A top notch cast of UK veteran actors have been assembled to recreate what starts off as a last criminal hurrah with a bunch of robbers with combined age of c448 years but quickly turns into a nightmare.
Michael Caine plays 77 year old widower Brian Reader a famous thief in his younger years. pulls together a band of misfit criminals to plot an unprecedented burglary at the Hatton Garden Safe Deposit. The thieves, all in their 60s and 70s except for one, employ their old-school thieving skills to plan the heist over the Easter holiday weekend.
During the opening titles sequence James Marsh features a brief clip from the 1968 ‘Italian Job’ starring Michael Caine. There is also a retro shot of Michael Caine at the end of the film is also from the same film.

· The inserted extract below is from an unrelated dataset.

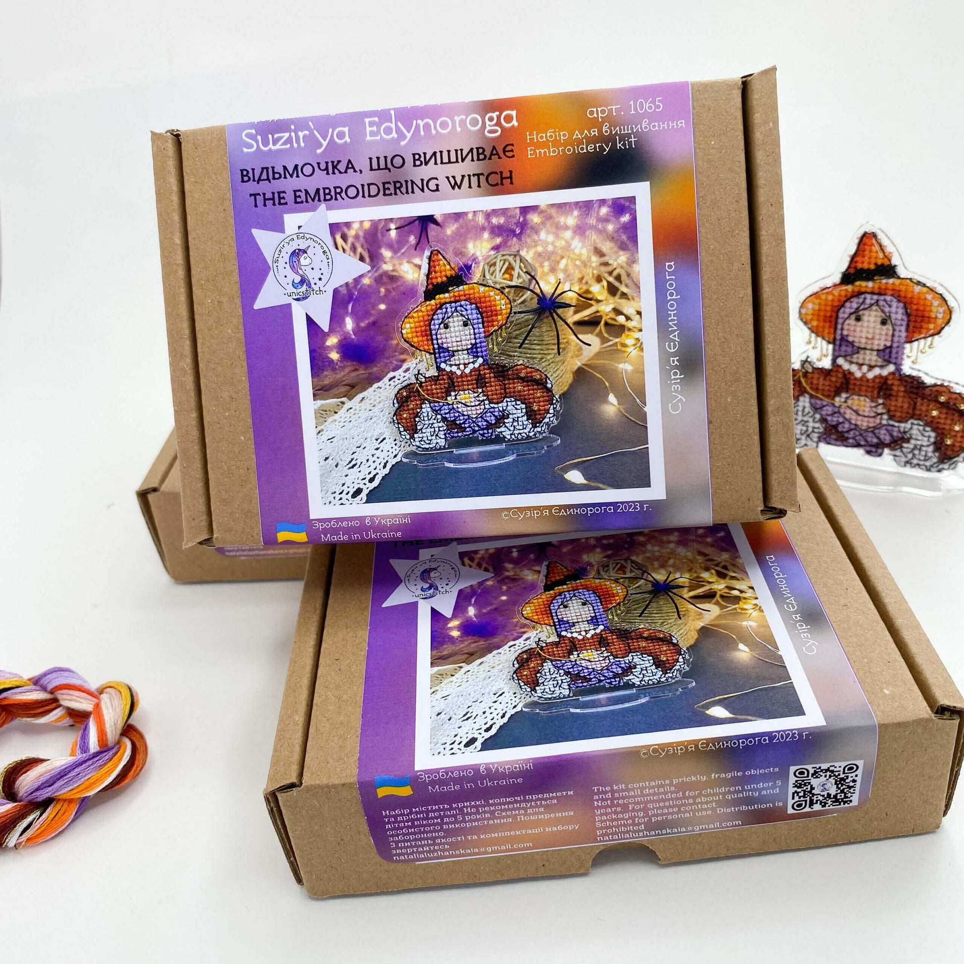 El kit de punto de cruz "Bruja Bordadora" de la marca ucraniana Suzir’ya Edynoroga es una bruja artesana que borda su propio diseño, un kit ideal para quienes aman la costura, la magia y los proyectos tiernos.

Caine is magnificent and proves his screen presence hasn’t dimmed since then. Ray Winstone is as good as ever in playing a menacing thug and even gets to do a Michael Caine impression
Michael Gambon is hilarious as the weak-bladdered “Billy the Fish“. But it is Jim Broadbent that leaves the deepest impression. Far from his usual genial old gent roles in films like the “Harry Potter” series; “Paddington” and “Bridget Jones” and although he has taken darker roles e.g.”The Lady in the Van” – here he displays blistering form as a nasty piece of work. An electrifying, head-to-head unblinking confrontation between Broadbent and Caine is a high-point of the film.
Snippets of past British crime movies illustrate the career exploits of the now-creaky old folks whose main preoccupations now are Crohn’s disease, incontinence, type 2 diabetes and hearing which include “The Italian Job” and “The Lavender Hill Mob.
Posing as workmen, the gang entered the deposit, neutralise the alarms, and proceed to drill a hole into the wall of the safe. Two days later, they manage to escape with allegedly over £200 million worth of stolen jewels and money. When police are called to the scene and the investigation starts, the cracks between the misfit gang members begin to show as they row over how to share the goods and become increasingly distrustful of each other.
The events depicted are, astonishingly, based on a true story. During the Easter bank holiday period April 2015, a gang of middle aged and OAP veteran criminals really did break into The Hatton Garden Safe Deposit Company in central London using the methods depicted in this film and stole somewhere between £14 million to £25 million worth of valuables from safety deposit boxes (the exact amount is unclear as customers with safety deposit boxes didn’t necessarily want to report what their boxes contained). The initial success and surprise of the robbery however was short lived as the perpetrators were caught within a matter of weeks by police after modern crime solving methods and clumsiness by the thieves themselves resulted in a string of arrests.
With a script by Joe Penhall [The Road (2009) Enduring Love (2004)] and an atmospheric, jazzy soundtrack by Benjamin Wallfisch and the masterclass ensemble acting of the top class cast make the humour, treachery and robbery quality entertainment.